Credit cards used to be pulled out of our wallets only in case of an emergency. Almost out of gas, a surprise dinner bill, but rarely for everyday expenses like bill payments. Over time, consumer comfort has grown. What was once reserved for urgent expenses has now expanded to cover optional spending and paying bills.
As a billing and payments solution provider, KUBRA wanted to better understand how and why this shift is happening. So we conducted research to uncover how consumers are using credit cards to pay their bills. What we learned offers a snapshot of what today’s consumers value when it comes to managing their bills and how billers can better support those expectations.
How Credit Cards Fit Into the Bill-Payment Mix
Not everyone is comfortable using credit cards for bill payments, and even those who are don’t tend to go all in. This is backed by our research, which showed that 52% of consumers use credit cards for some of their bills, but not all. When it comes to other methods, 62% turn to bank transfers, and another 56% use debit cards. This mix-and-match approach suggests that consumers are weighing factors like convenience, flexibility, and control with each payment decision.

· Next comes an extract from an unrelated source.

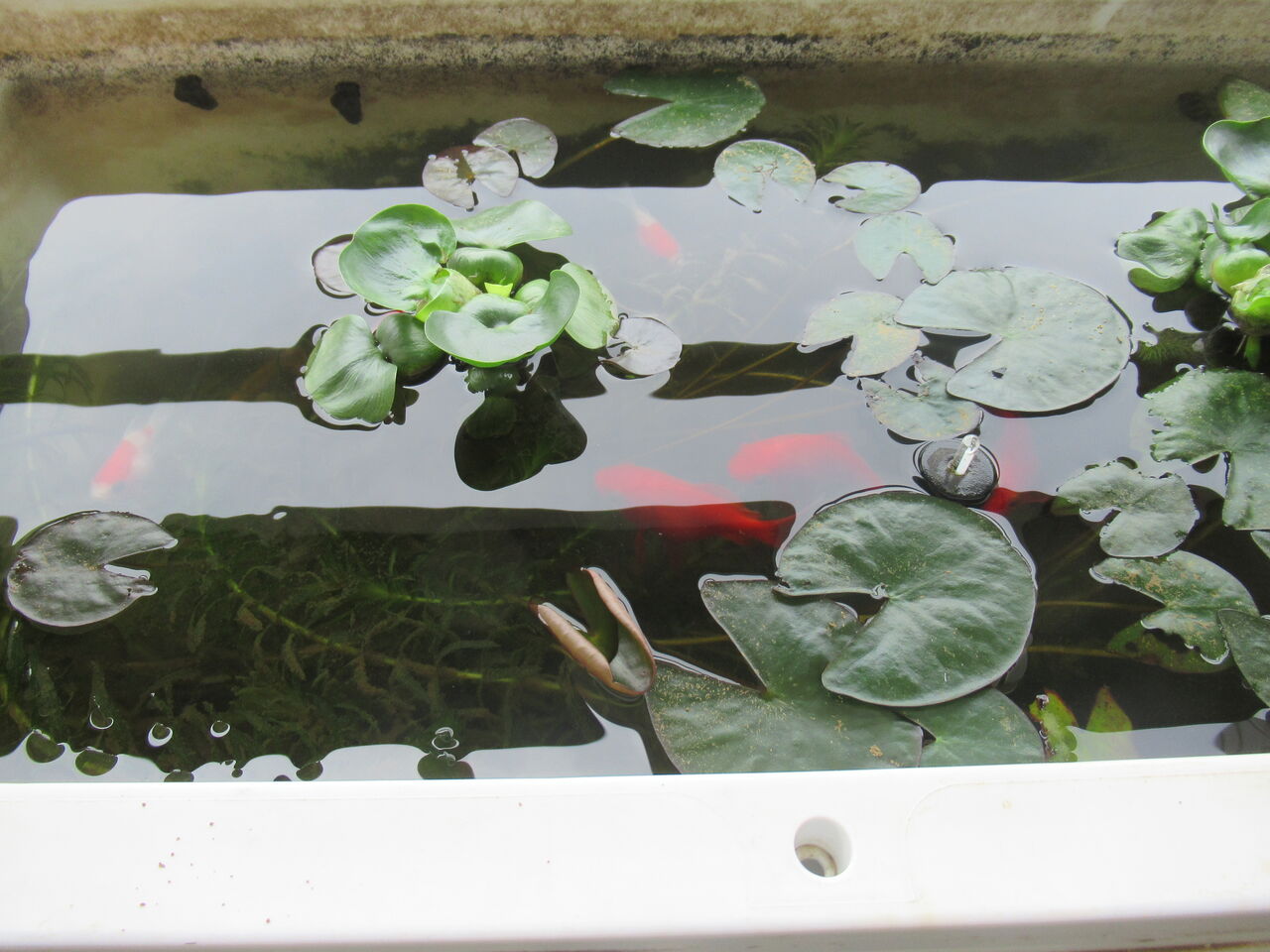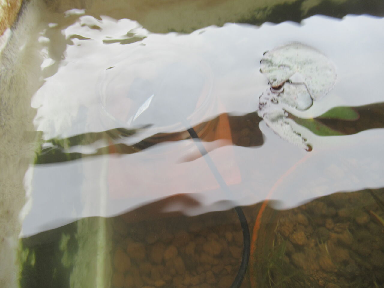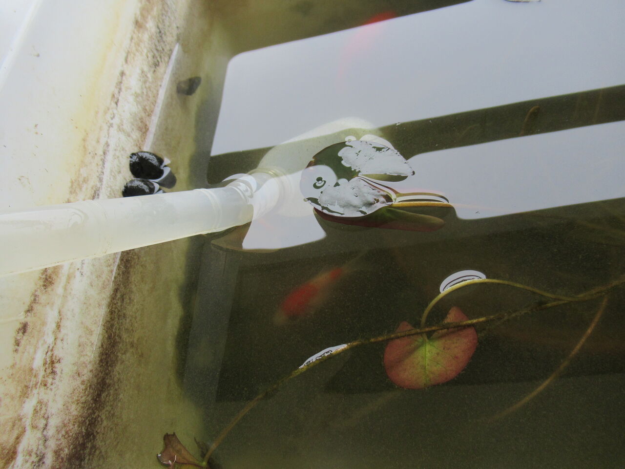 元々「ろ過機」を入れていない屋外の飼育容器ですので、水はグリーンウォーター化しており、かなり濁っております。

How Consumers Use Credit Cards Across Different Bills
Turns out, people are choosy. Certain bills are far more likely to land on a credit card than others. Subscriptions, like streaming services, are particularly popular, with 59% of respondents using credit cards for these payments. Internet and phone bills follow closely behind at 54%, and utilities come in at 42%. In contrast, only 10% of consumers use credit cards to pay rent or mortgage. This shows that while consumers recognize the benefits of credit cards as a payment method, certain constraints or individual preferences prevent full adoption.

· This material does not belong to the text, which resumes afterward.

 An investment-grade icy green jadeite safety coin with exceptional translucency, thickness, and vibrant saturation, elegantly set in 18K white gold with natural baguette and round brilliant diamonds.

Card ownership also plays a role. Most consumers (77%) carry two or more, likely making it easier to assign certain cards to specific types of expenses. Meanwhile, 18% prefer to carry only one card, pointing to a more simplified or cautious financial strategy.

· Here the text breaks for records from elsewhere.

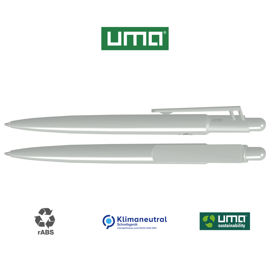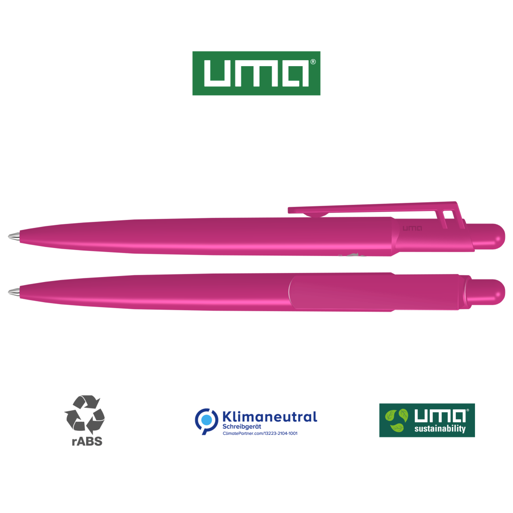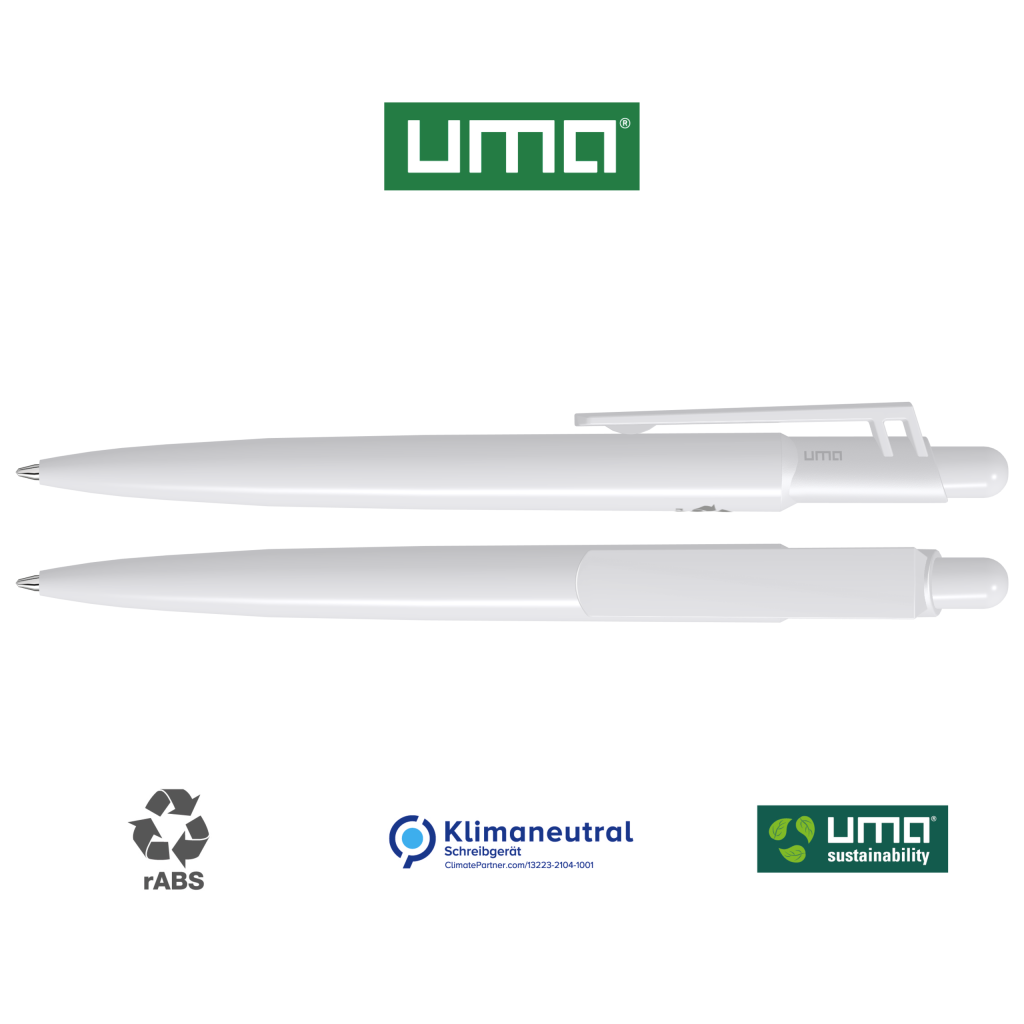 Retractable ballpoint pen with opaque glossy body and large clip made from 100% recycled plastic. The model is labelled with the recycling mark. Thanks to the ClimatePartner-certified production, the uma VITAN RECY makes an additional sustainable contribution to the protection of the environment. Due to the special nature of the material (ABS recycled plastic) production-related variations are possible.
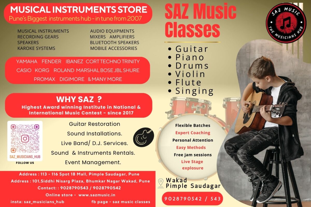 SAZ MUSIC is Pune’s most trusted Music Academy and Instrumental Store — where learning meets passion and every note finds its rhythm.
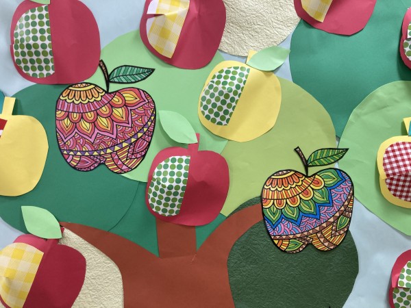 1つ目は、画用紙をリンゴの形に切ってチェック柄やドットの用紙を貼り合わせてできています。

What Turns Consumers Off Credit Cards for Bill Pay
There is no single reason people stop using credit cards to pay their bills, but our research showed a few that stand out. Costs lead the pack with 37% of respondents pointing to interest rates and fees as dealbreakers. Next up is debt anxiety for 23% and concerns about overspending for another 18%. Faced with financial pressure, some consumers choose the safer path.
Other turn-offs? Changes to rewards programs (21%), billers not accepting cards anymore (21%), and bad customer service (11%). Essentially, when the perks are no longer appealing or the process is frustrating, consumers change their behavior for something that suits them better.
The Pull Factors Behind Credit Card Bill Pay
No surprise here, rewards and cashback are major motivators for using credit cards. Whether it’s points toward a flight or a kickback at the gas pump or grocery store, 66% of consumers said they’d be more likely to use their credit cards for bill payments if these perks were on the table. Beyond rewards, 48% pointed to lower fees and interest rates as key motivators, while 35% said better security would win them over. Convenience matters too. 34% value ease of use, and 26% said AutoPay options make credit cards more appealing for managing bills.
Time To Rethink the Role of Credit Cards
If there’s one thing KUBRA’s 2025 research makes clear, it’s that credit cards aren’t just for rainy days anymore. More consumers are reaching for them to manage everyday expenses, including bill payments.
As habits shift, so should the way billers think about payment options. Now is the time to evaluate whether your payment experience aligns with evolving consumer behavior. Billers who adapt early can tap into a growing preference, increase customer satisfaction, and potentially drive faster payments. Those who don’t? Risk being left behind.